Although the names of the cell populations described in these articles (HybHP or EMT-reprogrammed hepatocytes) are different, they both express high levels of YAP. Even though whether such EMT-reprogrammed cells express SOX9 is unknown, EMT is an important pathway to generate progenitor cells. We hypothesize that the HybHP and EMT-reprogrammed hepatocytes described in these studies are a similar cell population. According to the contribution of these two cell types to liver regeneration and the high YAP expression, Hippo-YAP pathway activation may be a common regulatory pathway experienced by cells undergoing dedifferentiation and reactivating proliferative activity during liver regeneration, regardless of whether these highly proliferative cells are derived from hepatocytes or HybHP cells. YAP may be an effective target for promoting liver regeneration in liver failure patients.
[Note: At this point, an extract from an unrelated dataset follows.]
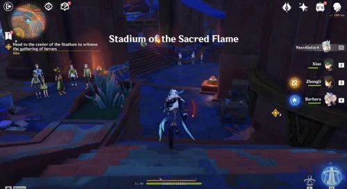 Отметим, что если вы вышли из игры, то для повторного начала этого квеста необходимо переместиться к телепорту к востоку от Стадиона Священного пламени, а затем подойти к специальному постаменту возле входа на арену и нажать на кнопку «Вступить в бой».

Although no evidence showed that HybHP cells contribute to hepatocellular carcinoma (HCC) in three different mouse models[2], we cannot rule out the possibility that these highly regenerative cells can further develop into tumor cells or cancer stem cells when they gain mutations caused by viral infection or other risk factors like alcohol. YAP is activated in 50% of human HCCs, and its activation level correlates with decreased survival after resection. Endogenous YAP activation perturbs hepatocyte differentiation and maintains this state in advanced tumors, and YAP silencing restores hepatocyte differentiation and leads to tumor regression[4]. It is interesting to question whether YAP is activated during controlled liver regeneration and excessive cell proliferation is prevented by inactivating YAP. However, under pathological conditions, the control of YAP activity is disrupted, resulting in continuous YAP activation and the generation of HCC.
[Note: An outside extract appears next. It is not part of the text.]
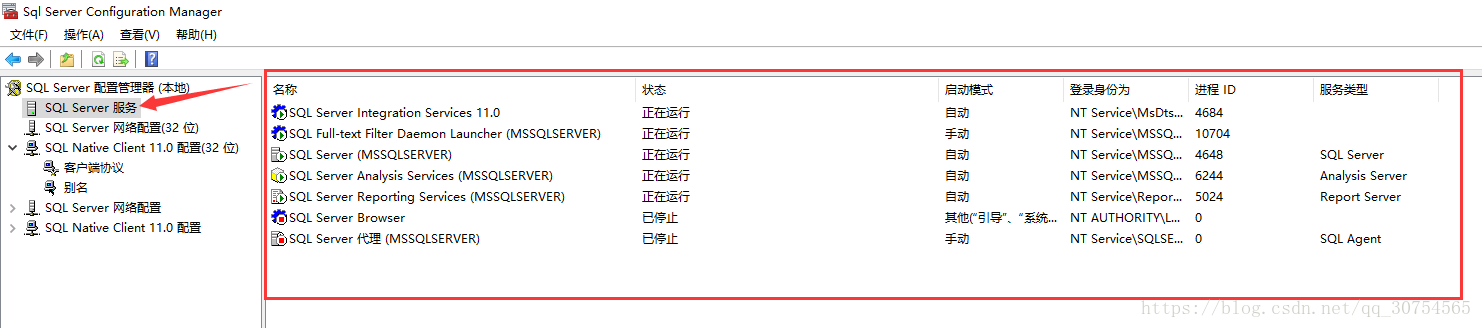 笔者安装只为学习用,所以不需要软件服务常开,把相关服务调成手动启动就可以节省电脑资源,在开始菜单里面寻找,sql server 服务管理器

Hippo signaling is the primary signaling pathway that regulates YAP activity, and MST1/2 phosphorylation of large tumor suppressor 1 and 2 (LATS1/2) can inhibit YAP entry into the nucleus. However, LATS1/2 phosphorylation by MST1/2 is context- and cell type-dependent. Loss of MST1/2 in mouse embryonic fibroblasts does not significant affect LATS1/2 phosphorylation or activation[5]. Therefore, we hypothesize that liver regeneration under various conditions will eventually lead to divergent consequences, probably due to the duration of YAP activation regulated by Hippo-LATS1/2 pathway in a context- and cell type-dependent manner. A deeper understanding of this aspect may uncover the key to target YAP to promote liver regeneration in pathological conditions and to control its tumorigenicity at the same time.